Трегубов, весь остальной мир словно перестали существовать. Для меня, осталась только наша любовь.
Глава 14
Утром следующего дня я долго не могла проснуться. Это и не удивительно, мы очень поздно заснули. После чтения, Алеша был со мной так нежен и неистово ласков, что у меня ныло все тело. Он тоже не выспался, зевал и ругал дворовых, чем-то громыхавших возле наших дверей.
О Трегубове мы с ним больше не вспоминали. Вчерашний разговор с Василием Ивановичем наедине, казался мне теперь чем-то несущественным. Тем более что я ведь так и не позволила ему себя поцеловать и потому вины перед мужем не чувствовала.
— Ты еще полежишь или встанешь? — спросил меня Алеша, когда понял, что спать нам все равно не дадут.
— А как ты хочешь? — спросила я и приняла соблазнительную позу.
— Ну, ты даешь! — засмеялся он и начал расстегивать панталоны.
— Встаю, встаю! — испугалась я. — Мы, между прочим, вчера остались без ужина!
Когда я вышла в залу, там уже толпились все обитатели дома. Ночью из темной слышались крики, и никто не знал, как поступить, пойти проведать узников или дождаться пристава, за которым послали еще с вечера. Решили сначала позавтракать, а потом действовать по обстоятельствам.

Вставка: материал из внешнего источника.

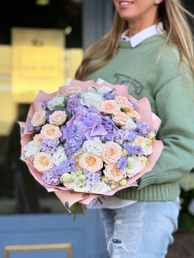 Букет цветов — гортензия, пионовидные розы, статицы и эустомы

Завтракали в завидовском доме по-барски. Лакеи разносили кофий в кувшинах и разливали его в большие кружки. Мне он совсем не понравился, я предпочла пить сливки, но Алеша с удовольствием выпил черную жижу, правда, потом сказал, что такой дряни еще никогда не пробовал.
Не успели мы позавтракать, как верхами приехали пристав и два урядника. Им рассказали о вчерашнем происшествии, и пристав пошел на поклон к Василию Ивановичу. Алеша в дела начальства не вмешивался и попытался заманить меня в наши покои. Однако я твердо сказала, что любви с меня на сегодня хватит. Он сделал вид что обиделся и вышел во двор, наблюдать как будут развиваться события. Я хотела пойти следом, но столкнулась с Марьей Ивановной и немного задержалась. Милая девушка спросила, здорова ли я.
— Вполне, — ответила я.
— У вас усталый вид, синяки под глазами и вы вчера не вышли к ужину, — объяснила она свое беспокойство.
— Ах, — ответила я, — весь вчерашний вечер я читала «Бедную Лизу» и плакала!
— Так вы тоже любите читать книги?! — обрадовалась Марья Ивановна.
— Знаете, я тоже такая чувствительная!
Мы с ней как родственные души обсудили замечательную повесть, всплакнули над судьбой бедной утопленницы и только после этого пошли во двор, смотреть, как будут выводить преступников. Возле темной уже собралось много народа. Я подошла к мужу и встала рядом с ним и Иваном. Алеша зачем-то взял с собой саблю, а Иван пистолеты.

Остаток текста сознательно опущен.